I had left her at home, poor child! hungry and unhappy. She had asked me in the morning for food, and I had none to give her, nor any money to buy it for her. The previous night we had eaten our last piece of bread. I went out of our little room, telling her I was going to get food for her. I toiled in the streets all the day, and was not fortunate enough to receive a penny. My sufferings were great, almost too great for human endurance, but I was compelled to bear them for the sake of Minnie. Nothing but the consciousness that, if I went home without food, my child might die from want, supported me. Late in the afternoon I was in the streets declaiming, when some boys among the crowd which surrounded me threw stones at me. One of the stones wounded me in the forehead, and I think I must have fainted. Two persons came to my assistance--a woman and a boy. The woman was Susan Taylor, the boy was Joshua Marvel. They assisted me home, and the next thing I remember was Susan bathing my wound and making tea for me. The boy Joshua had brought in some food for us. My gratitude was great, for his charity had saved my child. I blessed him that night before he left us.

From that time he was a constant visitor to our wretched lodging, and from that time I never knew want. I grew to love him. He was to be a sailor, and it was a pleasure to me to listen to the enthusiastic outpourings of his mind. He had a friend, Dan, whom I had not then seen; and the loving manner in which he spoke of that friend, seemed to me to be an assurance of the goodness of his own heart. He was the principal subject of conversation between me and my daughter, and she, dear child! grew to love him too. Before he went to sea, the woman Susan Taylor--the sister of Joshua's friend Dan--came to live in the house in which I lodged, and was very kind to us. Joshua went to sea, and I felt a void in my heart as if I had lost a son. Minnie grieved as much as I did--perhaps more--for she had never had a companion, and Joshua's visits were looked upon as a kind of holiday. We consoled ourselves for our loss by speaking of him often and by looking forward to his return home. Minnie derived much pleasure from a childish conceit in which she indulged. She had a shell, and she used to place it to her ear and listen to the soft singing, to remind her of the sea and of Joshua, she said. I thought it was a pretty fancy; but had I feared then what I fear now, I would have crushed the shell to powder beneath my heel.

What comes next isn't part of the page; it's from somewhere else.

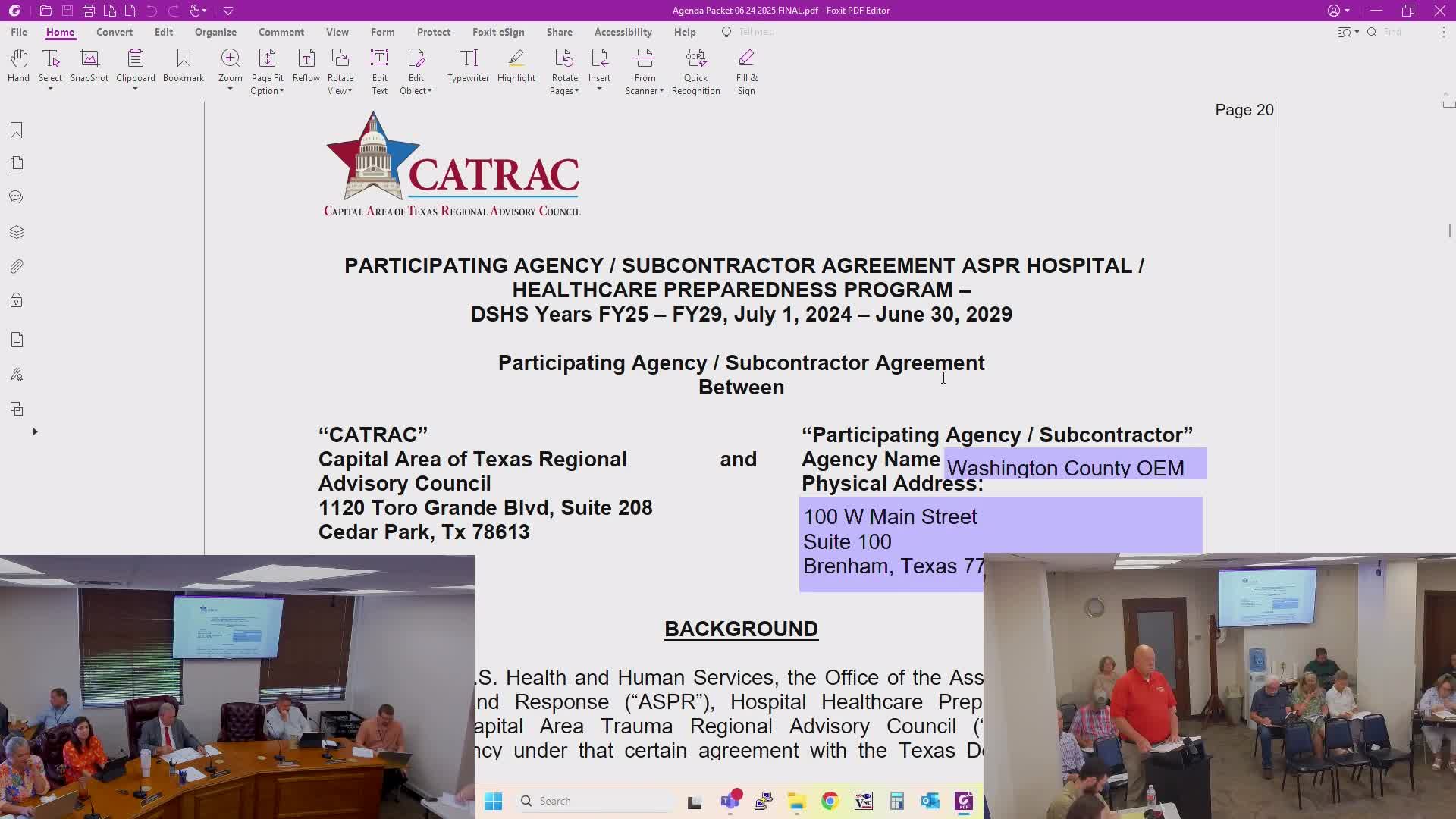 Court renews participating-agency agreement with Capital Area regional advisory council for emergency equipment

Some time after Joshua left, circumstances occurred which caused me to remove to the house of Joshua's friend Dan. I was loath to do so when it was first proposed by Susan; but the argument used by Susan, who was devoted to us, that Minnie would have a companion of a suitable age in her sister Ellen, prevailed upon me. That was the sole cause of my removal to the house in which I am now living. I had reason to be grateful for the change. Minnie, who used to have many unhappy moods, was happy and cheerful in the society of her new friends. And I was no less so. I found that Joshua's parents were good simple people whom to know was to love. A girl could have had no better companion than Ellen, who is one of the pearls of womanhood. But before them all, I learned to love Dan. I had never met with so pure a mind, with so constant a nature. A cripple almost from his birth, it seemed as if the good God had endued him with the purest thought and the sweetest disposition to compensate for the misfortune he had met with. He might truly say, with our great poet, "Sweet are the uses of adversity."

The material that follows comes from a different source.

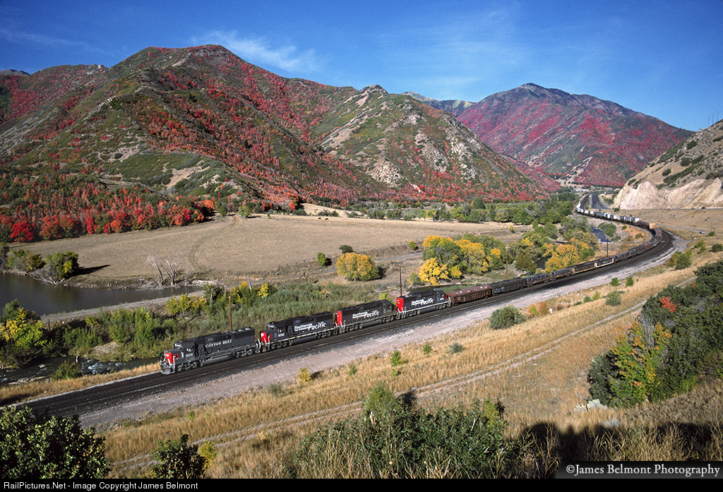 With colorful oak brush along the foothills of Loafer Mountain, SP's Roseville to Denver Forwarder charges east up Spanish Fork Canyon with 66 cars on Sept. 24, 1994.

Some happy years passed, during the whole of which Joshua was at sea. At rare intervals letters from him were received, and the perusal of these letters gave us all--for we were like one family--the greatest pleasure. At length he returned. It is not long since--but a few short weeks--that he arrived home. He was expected, but not so soon. His coming was eagerly looked for--he was the hero of the two houses. The night of his return was memorable. It was Christmas-eve, and we were all assembled in Mrs. Marvel's kitchen, celebrating the blessed time with joyful, grateful hearts. Minnie persuaded me to read a play. I chose the "Tempest," that loveliest creation of the poet's mind. She is not present, but I can see her as she unloosed her hair and stood before me, bright and bewitching as Ariel could have been. "Do you love me, master?" she asked. I answered in the words of Prospero, "Dearly, my delicate Ariel." . . . I resume my pen, which I had laid aside, thinking that I was being betrayed by my feelings, and that I was indulging in an exaggeration of sentiment. But no. I have read over what I have written, and I am satisfied.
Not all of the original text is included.